I quite like Independence Day. Sure the plot has several large holes barely covered over with Saran Wrap (“Luckily for us, I’ve determined that these aliens who communicate telepathically and whose radio signals I only decoded until 24 hours ago, somehow use TCP/IP networking and MacOS so I can upload and execute this here virus from my notebook”), but as a shoot-em-up action movie, it’s terrific. So help me, I even the President’s morale-stirring speech cobbled together from Henry V, Dylan Thomas and other sources. Not to mention having an alien abductee who’s been anally probed deliver the first knockout punch as he says, “Hello, boys! Remember me? I’m baa-a-ck!

Come on, you gotta like it! At least after a few highballs!

For me, the really unbearable lines are the ones that are earnestly delivered loads of bollocks. (If bollocks come in loads… I’m really not sure of the correct usage there.) I didn’t care much for the movie Forrest Gump overall (I still can’t believe The Shawshank Redemption didn’t wipe the floor with it for Best Picture), but the phrase “Life is like a box of chocolates… You never know what you’re gonna get” just drives me up the wall. I just can’t stand that kind of passiveness in a philosophy of life. Plus, most boxes of assorted chocolates come with a little map just so you do know what you’re getting. Gaaah!

McCoy: “Are you OK, Jim? How do you feel?”
Kirk: “I feel… yeah. I feel yeah.”

:smack: :smack: :smack:

Ruined a perfect moment at the end of ST:II.

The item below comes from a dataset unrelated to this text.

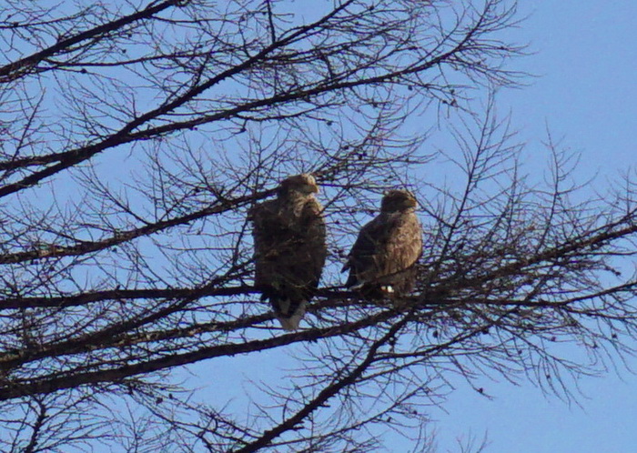 А этих орлов Настя увидела сегодня утром из окна: "Мам, кто это?" Мимо пролетала ворона, разница в размерах видна невооружённым глазом. Они действительно огромные! Когда они сидели на дереве, ветки под их весом шатались.Быстренько щёлкнули их через стекло, муж решил выйти на улицу, посмотреть, они только услышали шум открывающейся двери - тут же взмахнули крыльями и улетели.

Huh? I think you misheard “young.”

“No one tosses a dwarf.”

See spoiler box, post #35

Yep. The line is “Young … I feel young.”

Yeah.

No, “young”!

:wink:

Yes, it is. It’s basic physics that you get less useful energy feeding food to a human and tapping his energy than you’d get by just burning the food directly. What makes the stupidity absolutely unforgiveable is that it would take about ten seconds to think of something that does make sense (the Matrix uses some of the processing power of all those human brains).

They strongly imply that they aren’t just harvesting human energy with no logical reason or explanation. Agent Smith explains how giving the humans a perfect virtual societ (a previous version of the Matrix) made them less useful, because humans NEEDED the chaos and destruction and evil of 20th century society to be productive.

Kind of sounds like they’re enslaving humans for something other than just body-heat energy harvesting, to me.

In fact, your explanation doesn’t make any sense at all. The only reason the Matrix exists at all is to be a prison for humans. So your explanation would basically be “we’re enslaving humans so we can use their brains to power the matrix, so that we can enslave humans” which is a little too circular for my taste.

Agent Smith pointed out in no uncertain terms that the Matrix existed because it was the way to get the most function from humans. Whatever reason the robots had for enslaving humans, they needed the humans to have stimulated brains and a complex society. I think that part of the plot works brilliantly.

Smith was saying that without a realistic environment to “live” in the human would die. You can’t harvest much energy from dead people. Well, you could burn them, which would probably be more efficient than what they actually did, but lets ignore that.

When it some to that particular phenomenon, the one movie that always comes to mind is Even Cowgirls Get the Blues. I don’t remember any specific lines, but I do remember thinking, “What horrible dialogue! People just don’t talk like that”.

Maybe some “fans” of that movie can give us some examples.

Jeez, Cal, if you’re going to go to the Star Wars well, how could you have missed this one:

Darth Vader: When we last met, I was but a learner. Now I am the master!

Learner? Learner? What the fuck, George? The word is student!

I wasn’t being exhaustive, by any means. I gave the one that bugged me the most.